▶ [WHAT THE EXERCISE ASKS] Across the data below, how many lines have the word "design" in them? Respond with the number alone.

▶ [MATERIAL PROVIDED]
== Segment start ==

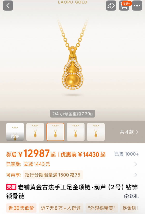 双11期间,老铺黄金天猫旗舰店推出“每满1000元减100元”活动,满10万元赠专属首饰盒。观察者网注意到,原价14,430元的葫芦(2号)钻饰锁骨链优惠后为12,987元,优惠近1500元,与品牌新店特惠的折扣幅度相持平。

== Segment end ==
== Segment start ==

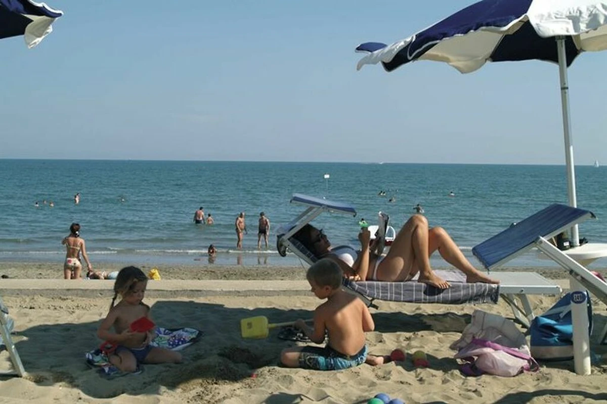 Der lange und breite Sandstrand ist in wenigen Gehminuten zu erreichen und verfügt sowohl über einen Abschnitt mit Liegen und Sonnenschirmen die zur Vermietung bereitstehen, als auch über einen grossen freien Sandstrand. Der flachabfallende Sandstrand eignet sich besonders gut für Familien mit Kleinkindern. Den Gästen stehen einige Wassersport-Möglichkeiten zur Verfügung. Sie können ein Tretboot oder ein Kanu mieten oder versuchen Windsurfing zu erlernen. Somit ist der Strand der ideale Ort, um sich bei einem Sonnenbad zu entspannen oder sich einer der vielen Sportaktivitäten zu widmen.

== Segment end ==
== Segment start ==

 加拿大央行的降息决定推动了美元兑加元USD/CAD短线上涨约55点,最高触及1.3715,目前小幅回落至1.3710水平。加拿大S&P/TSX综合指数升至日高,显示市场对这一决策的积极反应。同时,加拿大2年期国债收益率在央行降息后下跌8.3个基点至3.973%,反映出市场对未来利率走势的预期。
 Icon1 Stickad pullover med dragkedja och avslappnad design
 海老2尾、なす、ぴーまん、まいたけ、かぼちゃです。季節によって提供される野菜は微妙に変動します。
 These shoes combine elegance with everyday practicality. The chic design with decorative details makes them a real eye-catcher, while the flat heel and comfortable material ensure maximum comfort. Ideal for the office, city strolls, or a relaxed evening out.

== Segment end ==

▶ [YOUR RESPONSE] 2